Pawson, S.M., Brin, A., Brockerhoff, E.G., Lamb, D., Payn, T.W., Paquette, A. and Parrotta, J.A. (2013) Plantation forests, climate change and biodiversity. Biodiversity and Conservation, 22(5):1203-1227. (Scopus )

Abstract

Nearly 4 % of the world's forests are plantations, established to provide a variety of ecosystem services, principally timber and other wood products. In addition to such services, plantation forests provide direct and indirect benefits to biodiversity via the provision of forest habitat for a wide range of species, and by reducing negative impacts on natural forests by offsetting the need to extract resources. There is compelling evidence that climate change is directly affecting biodiversity in forests throughout the world. These impacts occur as a result of changes in temperature, rainfall, storm frequency and magnitude, fire frequency, and the frequency and magnitude of pest and disease outbreaks. However, in plantation forests it is not only the direct effects of climate change that will impact on biodiversity. Climate change will have strong indirect effects on biodiversity in plantation forests via changes in forest management actions that have been proposed to mitigate the effects of climate change on the productive capacity of plantations.
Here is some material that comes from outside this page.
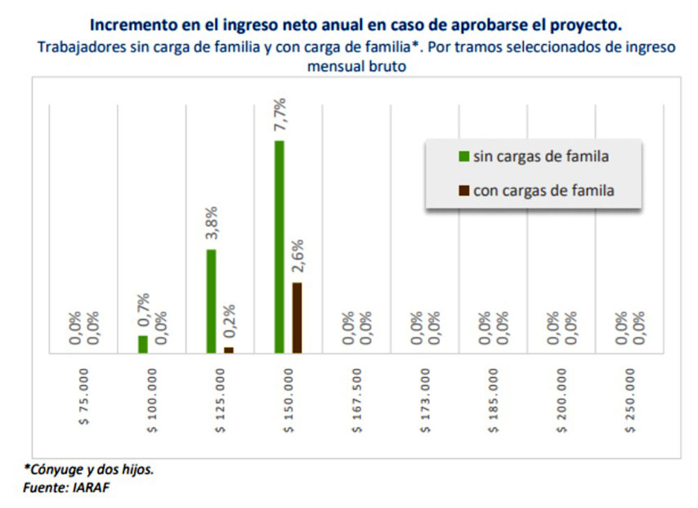 Los trabajadores con cargas familiares tendrán que percibir un salario bruto de $125.000 (neto $103.750) para notar una mejora nominal. En este caso, sería de $3.111 pesos anuales ($ 259,25 mensuales), equivalentes al 0,2%.

These include changes in species selection (including use of species mixtures), rotation length, thinning, pruning, extraction of bioenergy feedstocks, and large scale climate change driven afforestation, reforestation, and, potentially deforestation. By bringing together the potential direct and indirect impacts of climate change we conclude that in the short to medium term changes in plantation management designed to mitigate or adapt to climate change could have a significantly greater impact on biodiversity in such plantation forests than the direct effects of climate change. Although this hypothesis remains to be formally tested, forest managers worldwide are already considering new approaches to plantation forestry in an effort to create forests that are more resilient to the effects of changing climatic conditions. Such change presents significant risks to existing biodiversity values in plantation forests, however it also provides new opportunities to improve biodiversity values within existing and new plantation forests. We conclude by suggesting future options, such as functional zoning and species mixtures applied at either the stand level or as fine-scale mosaics of single-species stands as options to improve biodiversity whilst increasing resilience to climate change. © 2013 Springer Science+Business Media Dordrecht.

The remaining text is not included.